Prompt: Reproduce word for word every line from the one containing "図3.9-4にはFTPやTe" through the end of the listing below; omit the pictures.

Recorded information:
══════

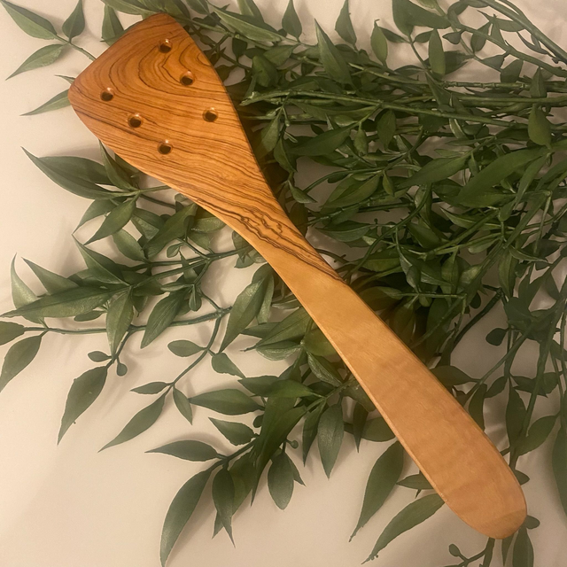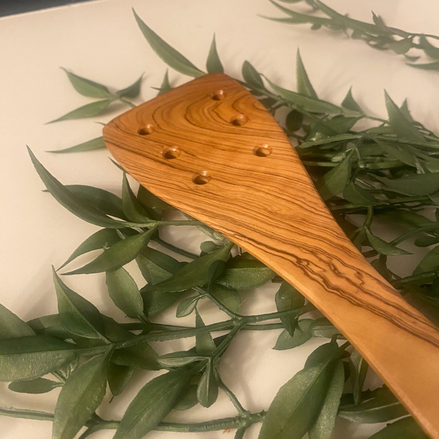 Stir up your culinary creations with our Handcrafted Olive Wood Stirring Spatula. Made from sustainably harvested olive wood, this spoon combines
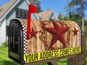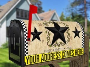 Grab this creative Primitive Country Folk Barn Star #2 – Welcome rural/curbside/farm mailbox cover as self adhesive vinyl or magnetic cover. Our magnetic covers have the magnetic surface under the whole design, not only two magnet strips like in cheaper products. We also offer both the self adhesive and the magnetic covers with regular opaque white vinyl or reflective vinyl which works the same way as the licence plates or road signs; pretty visible at night. We make these covers for both large and small mailboxes.
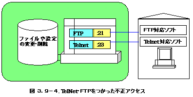 図3.9-4にはFTPやTelnetに進入された状態です。特にTelnetを使われると、ファイルや設定などの変更・削除などサーバを自由に操作されてしまいます。
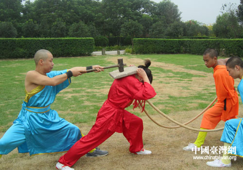 中國(guó)臺(tái)灣網(wǎng)9月26日南充消息 日前,臺(tái)灣東森電視臺(tái)企劃陳佳筠、主持人許晶晶和和福建海峽衛(wèi)視編導(dǎo)譚薇薇率記者一行5人到四川南充營(yíng)山,對(duì)被譽(yù)為“中國(guó)鐵掌第一人”、“中國(guó)金鐘罩鐵布衫第一人”的胡瓊領(lǐng)隊(duì)的武術(shù)絕技表演團(tuán)錄制了一期關(guān)于武術(shù)絕技展示專題節(jié)目。

══════

Exercise output:
 図3.9-4にはFTPやTelnetに進入された状態です。特にTelnetを使われると、ファイルや設定などの変更・削除などサーバを自由に操作されてしまいます。
 中國(guó)臺(tái)灣網(wǎng)9月26日南充消息 日前,臺(tái)灣東森電視臺(tái)企劃陳佳筠、主持人許晶晶和和福建海峽衛(wèi)視編導(dǎo)譚薇薇率記者一行5人到四川南充營(yíng)山,對(duì)被譽(yù)為“中國(guó)鐵掌第一人”、“中國(guó)金鐘罩鐵布衫第一人”的胡瓊領(lǐng)隊(duì)的武術(shù)絕技表演團(tuán)錄制了一期關(guān)于武術(shù)絕技展示專題節(jié)目。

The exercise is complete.